Beating Posits at Their Own Game: Takum Arithmetic
Laslo Hunhold
TL;DR
The paper introduces Takum Arithmetic, a base-$\sqrt{e}$ logarithmic tapered-precision number format designed for general-purpose computing. It formalizes a lossless Takum encoding, a NaR convention, and a logarithmic significand, proving key properties such as uniqueness, monotonicity, and inversion, while detailing rounding and hardware-friendly encoding. Takums are shown to deliver a constant dynamic range for all $n\ge 12$, offer favorable relative-precision bounds, and exhibit strong arithmetic-closure properties—often outperforming posits and standard IEEE formats in both dynamic range and accuracy, particularly for large and small magnitudes.
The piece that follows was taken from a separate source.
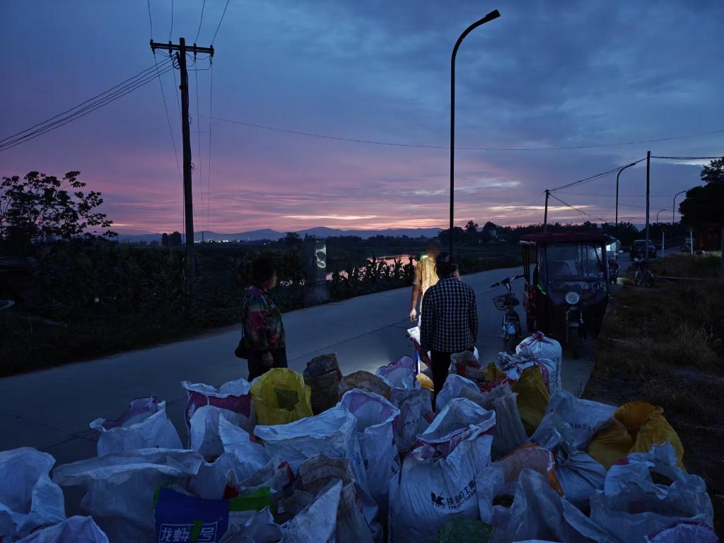 清晨5点30分,双堰社区抢收现场的路边,堆满了装满毛豆的编织袋。新华社记者谢佼 摄
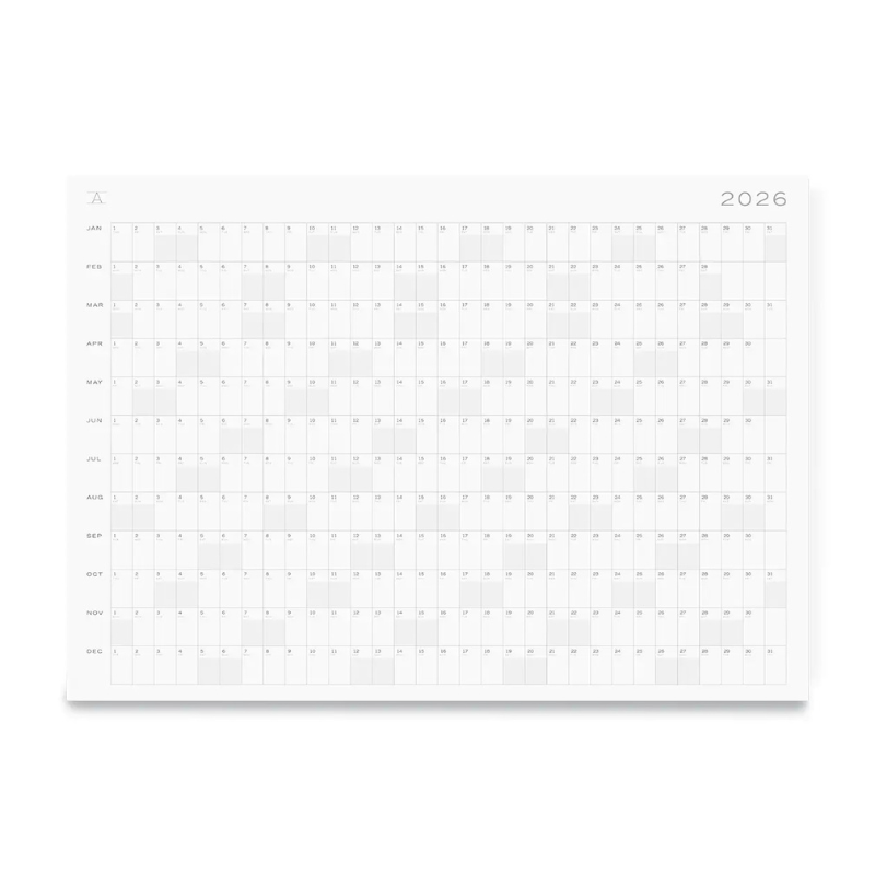 Meet the 12-month Annual Planning Calendar. Thoughtfully designed as a home base for big-picture projects, planning, and organizing, this extra-large one-page calendar allows you to tackle big goals and complex timelines at a glance. Each month runs horizontally across the page, with perfectly-sized daily boxes to capture deadlines and events. Days of the week are labeled, and weekends are shaded light gray for easy reference. Featuring smooth 100 lb stock, impactful 24” × 18” size, and fresh, minimal design that compliments any space. Whether you’re managing a product launch, coordinating summer childcare, or simply want a clear view of the year ahead, this wall calendar will keep you organized and on track.

The work argues for an emerging field of tapered-precision numerical analysis and demonstrates practical hardware advantages, enabling efficient, mixed-precision workflows and potentially superior general-purpose arithmetic when compared to existing standards.
Abstract
Recent evaluations have highlighted the tapered posit number format as a promising alternative to the uniform precision IEEE 754 floating-point numbers, which suffer from various deficiencies. Although the posit encoding scheme offers superior coding efficiency at values close to unity, its efficiency markedly diminishes with deviation from unity. This reduction in efficiency leads to suboptimal encodings and a consequent diminution in dynamic range, thereby rendering posits suboptimal for general-purpose computer arithmetic. This paper introduces and formally proves 'takum' as a novel general-purpose logarithmic tapered-precision number format, synthesising the advantages of posits in low-bit applications with high encoding efficiency for numbers distant from unity. Takums exhibit an asymptotically constant dynamic range in terms of bit string length, which is delineated in the paper to be suitable for a general-purpose number format. It is demonstrated that takums either match or surpass existing alternatives. Moreover, takums address several issues previously identified in posits while unveiling novel and beneficial arithmetic properties.